#### [DESCRIPTION OF THE TASK]
Transcribe, starting at the line with "Завдяки функції планування" and ending at the line with "近日,朋友圈盛传这张图片上的", every line of the material below exactly, but leave out the pictures and anything outside that span.

#### [EXERCISE DATA]
[Start of Attachment]

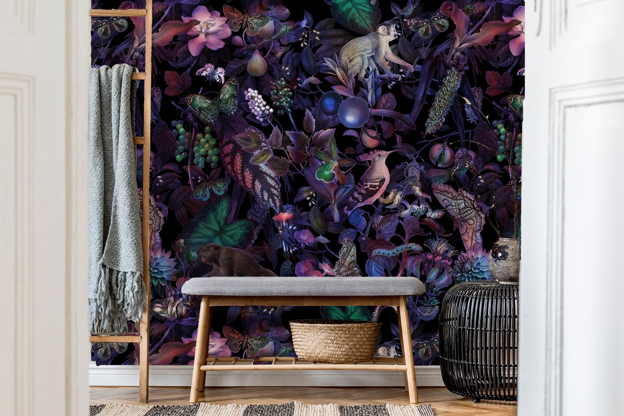 Purple Forest Wallpaper: Exotic Birds & Monkeys, Removable Vinyl
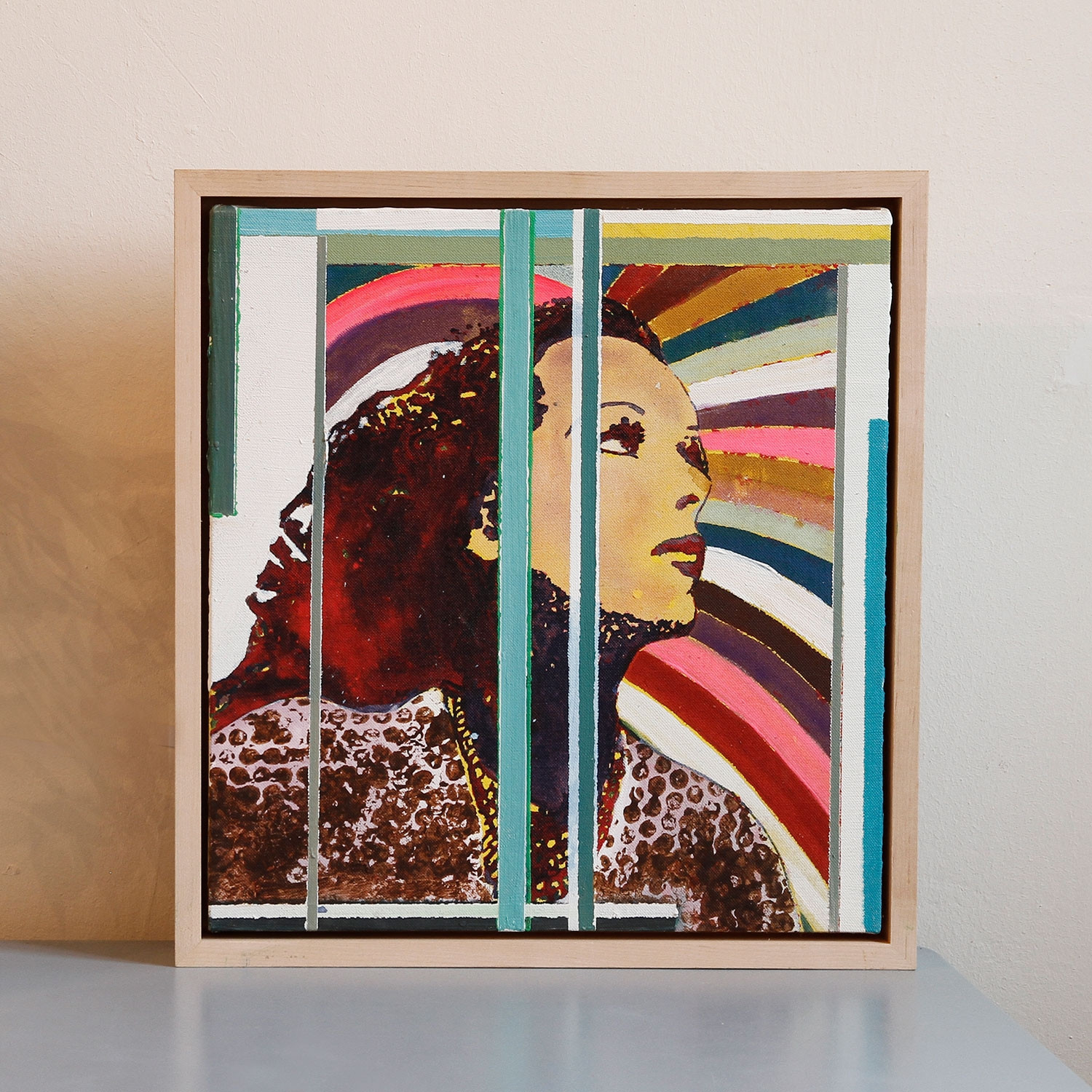 Muches Malerei dieser frühen Zeit zeichnet sich aus durch eine gesteigerte Buntheit, den gleichwertigen Einsatz von Texten und Bildern, eine besondere Art der Figurendarstellung und einen von der Architektur inspirierten Bildaufbau. Dies gilt auch für seine Gemälde „Bleich“, „Oxy“ und „Inhalt“. Sie zeigen jeweils eine Frau, die uns entweder direkt anschaut oder in eine unbestimmte Ferne blickt. Alle drei Darstellungen vermitteln Zuversicht und Selbstbewusstsein. Sind diese Frauen Kämpferinnen und wenn ja, wofür kämpfen sie? Die Farbpalette ist breit angelegt. Farben und Formen strukturieren nicht nur den Hintergrund, sondern greifen auch in die figurative Darstellung ein, durchkreuzen und überschneiden sie. Dieser Bruch mit den Konventionen der Porträtmalerei ist ‚Muche pur’! Darüber hinaus verwendet der Künstler mit dem Wort „Inhalt“ das Medium der Schrift, das sich jedoch einpasst in die malerische Gesamtgestaltung.
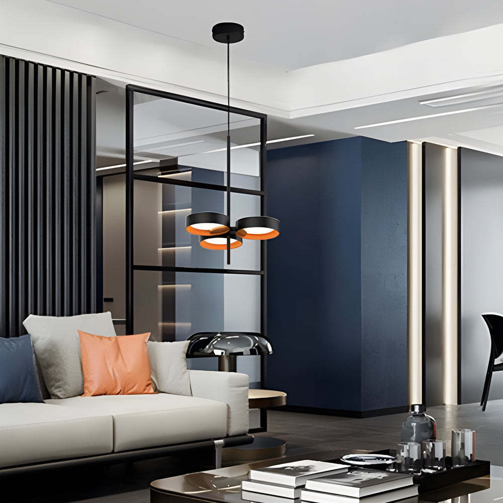 - This Light Guide Ring LED Pendant Light features multiple iron rings with LED light sources floating inside them. These LEDs edge-illuminate guide discs, redirecting brightness to their upper and lower surfaces to provide glare-free lighting for any room. Available in 1, 2, 3, 4, and 9-light configurations, this chandelier meets a variety of room sizes and lighting needs.
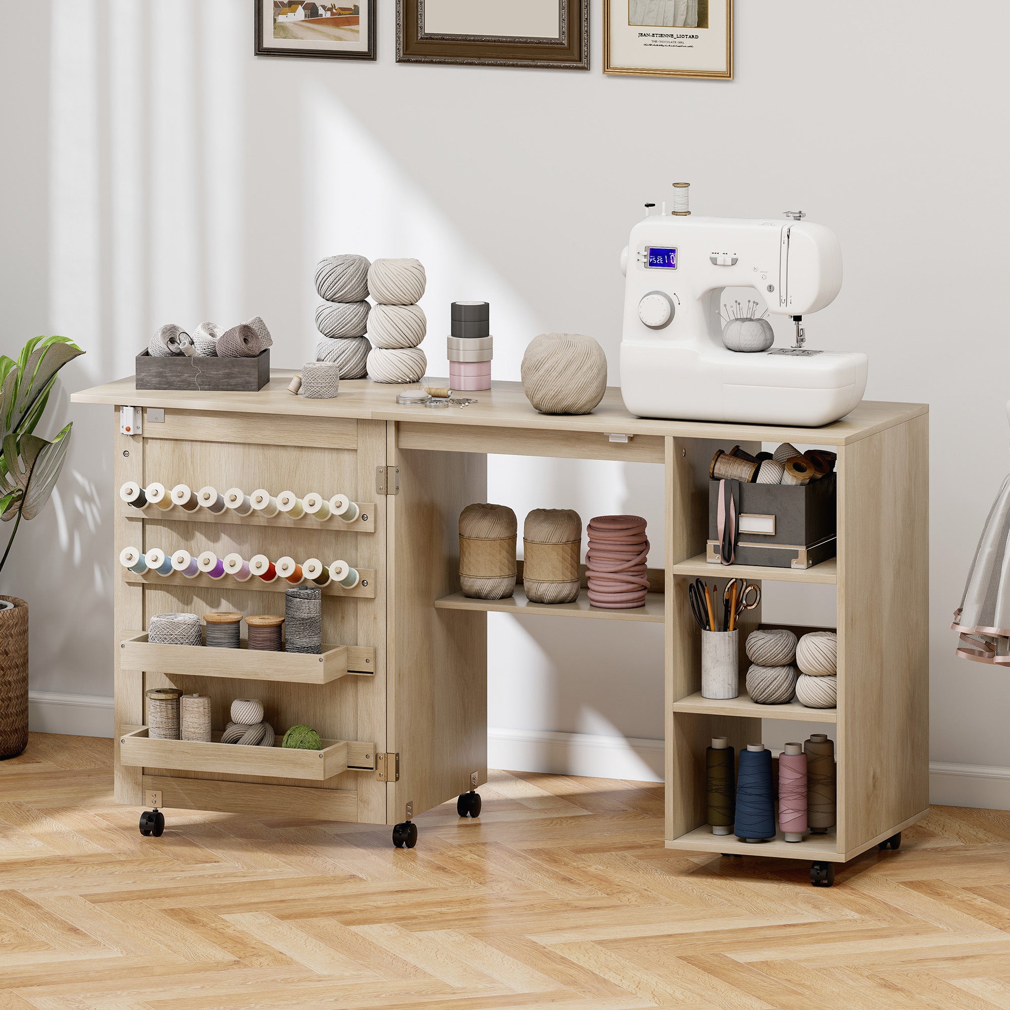 Struggling with a cluttered craft corner and limited room? Creative projects can feel chaotic when your supplies are scattered and your workspace dominates the room. The HOMCOM folding sewing table offers a solution. It features ample storage to organize your tools, a foldable top to save space, and lockable wheels for easy mobility. This craft table transforms any room into an efficient, adaptable creative haven, letting your inspiration flow freely.
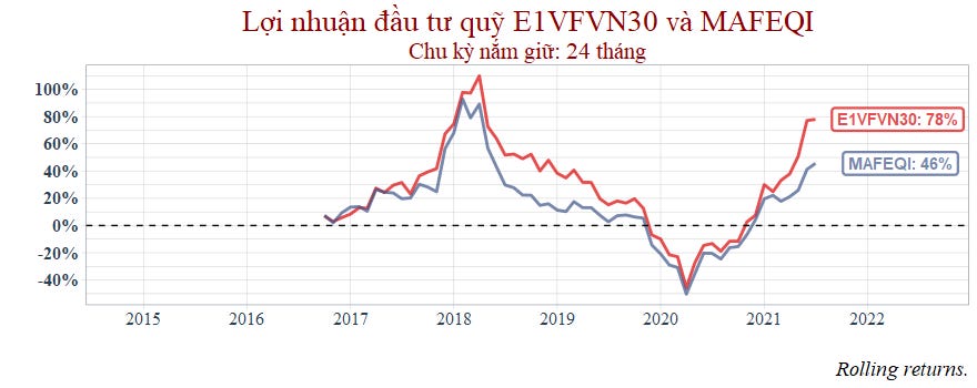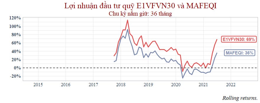 Thời gian nắm giữ càng dài thì ETF càng cho thấy sử vượt trội so với MAFEQI.
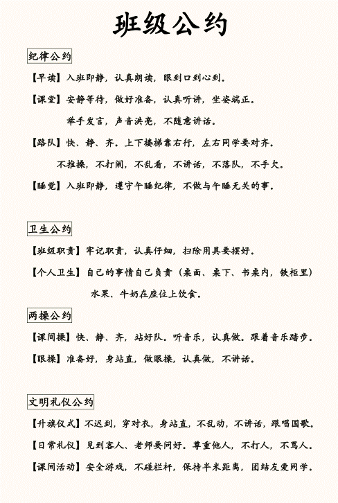 全校各班学生自主制定班级公约,学生代表和教师代表讨论制定年级公约,并且在年级学生大会上进行解读,作为年级评比的标准。
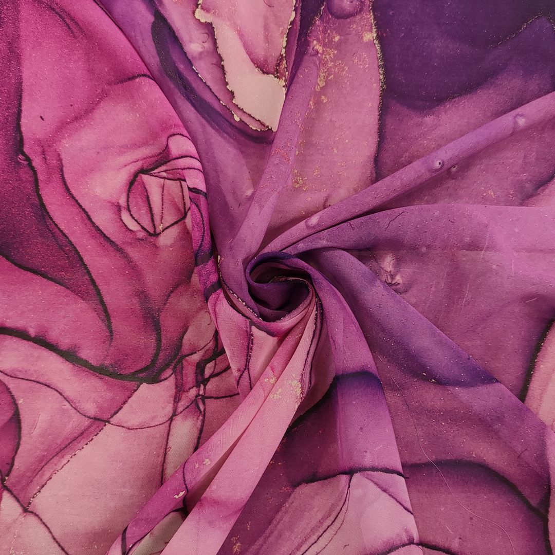 Tessuto Chiffon a fantasia motivo astratto fucsia – viola
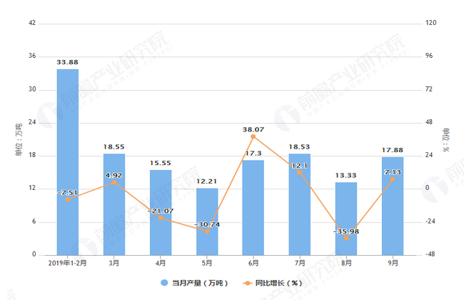 2019年9月江西省原鹽產(chǎn)量及增長(zhǎng)情況分析
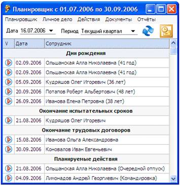 Завдяки функції планування кадрових операцій Фараон допоможе вам складати графіки навчання співробітників, чергових відпусток, атестацій і т.п. При цьому вбудований у Фараон Планувальник робочого часу нагадуватиме вам про заплановані операції, дні народження співробітників, закінченні випробувальних термінів і термінів трудових договорів (Рис 1.3). При необхідності виконується синхронізація Фараона з Календарем в Microsoft Outlook.
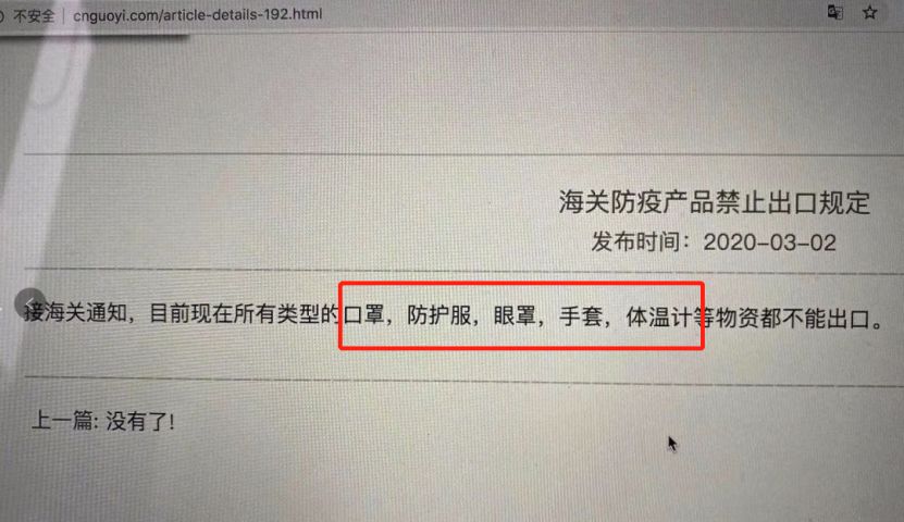 近日,朋友圈盛传这张图片上的消息:接海关通知,目前所有类型的口罩、防护服、眼罩、手套、体温计等防疫物都不能出口。
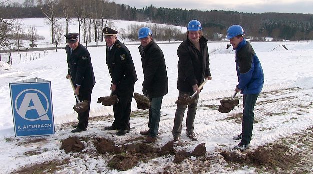 Historischer Moment im Enzhaag V.l. Feuerwehrkommandant Udo Dentz, Kreisbrandmeister Peter Michels, Bürgermeister Jan Frey, Architekt Volker Sternemann und Oliver Gailfuss vom Bauunternehmen Altenbach. (Foto: Hubert Richter)(hr) Das größte Bauprojekt in Schönbrunn steht in den Startlöchern: Mit dem heutigen “ersten Spatenstich” beginnt der Neubau des zentralen Feuerwehrstandorts im Enzhaag.

[End of Attachment]

#### [RESULT OF THIS EXERCISE]
 Завдяки функції планування кадрових операцій Фараон допоможе вам складати графіки навчання співробітників, чергових відпусток, атестацій і т.п. При цьому вбудований у Фараон Планувальник робочого часу нагадуватиме вам про заплановані операції, дні народження співробітників, закінченні випробувальних термінів і термінів трудових договорів (Рис 1.3). При необхідності виконується синхронізація Фараона з Календарем в Microsoft Outlook.
 近日,朋友圈盛传这张图片上的消息:接海关通知,目前所有类型的口罩、防护服、眼罩、手套、体温计等防疫物都不能出口。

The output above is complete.